Recommendation for Dylan: Pure Encapsulations B-Complex Plus, 1 cap AM with breakfast. ~$25-35/month at iHerb. Methylated forms hedge MTHFR uncertainty pre-23andMe; clean ingredient list; trusted brand. Alternative: Jarrow B-Right at half the cost for similar methylation coverage.

Total cost estimate: $15-35/month. Among the cheapest insurance interventions in the supplement space.

Baseline (before starting; relevant subset for Dylan's June 2026 panel)

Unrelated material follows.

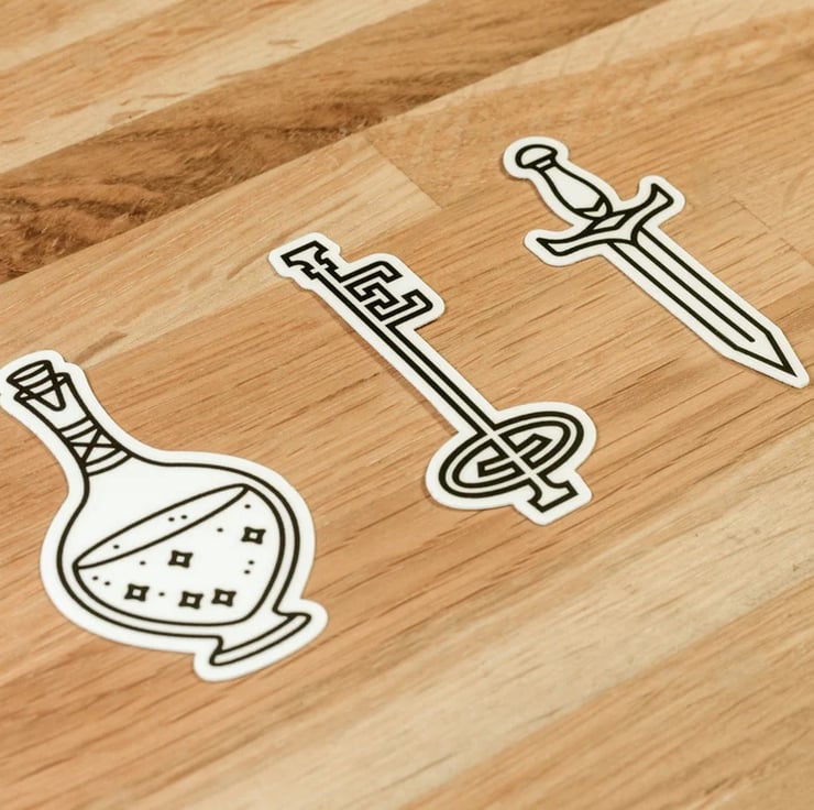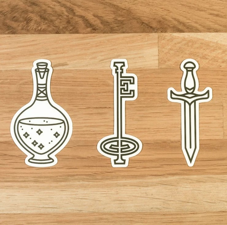 A trio of stylish vinyl stickers featuring some typical adventuring items - a potion, dagger and key. These stickers measure 6cm tall, with the width varying between each design. They look awesome on laptops - or keep it low fi and stick one on a folder or notebook.

• Homocysteine — most useful single marker. Optimal <7 µmol/L; functional <10 µmol/L; concerning >12 µmol/L. Already in Dylan's June 2026 panel context.
• Methylmalonic acid (MMA) — functional B12 marker; elevated in B12 deficiency before serum B12 drops. More sensitive than serum B12 alone.
• Holotranscobalamin (active B12) — fraction of B12 bound to TC2 and bioavailable. More functional than total B12.
• Serum B12 — standard but late marker; can be normal with functional deficiency.
• RBC folate — reflects 3-month folate status; better than serum folate.
• Plasma pyridoxal-5-phosphate (P5P) — direct B6 activity marker. Less commonly ordered.
• CBC with MCV — macrocytic anemia (MCV >100) suggests B12 or folate deficiency.
• TSH, free T3, free T4 — exclude thyroid causes of fatigue/cognitive symptoms before attributing to B-vitamin deficiency.
• CMP, lipid panel, hs-CRP — general baseline.

During use

• Subjective tracking: energy, mood, mental clarity, sleep, exercise recovery — track over 4-8 weeks.
• Bright yellow urine = absorption confirmation.
• 6-12 month recheck: homocysteine + MMA + B12 + RBC folate to confirm target levels.

Post-genotyping (Dylan ~June 5-15, 2026)

• MTHFR C677T + A1298C — primary decision-driver for methylated form vs generic.
• MTRR A66G, MTR A2756G, CBS variants — secondary.
• COMT V158M — modulates methyl donor demand.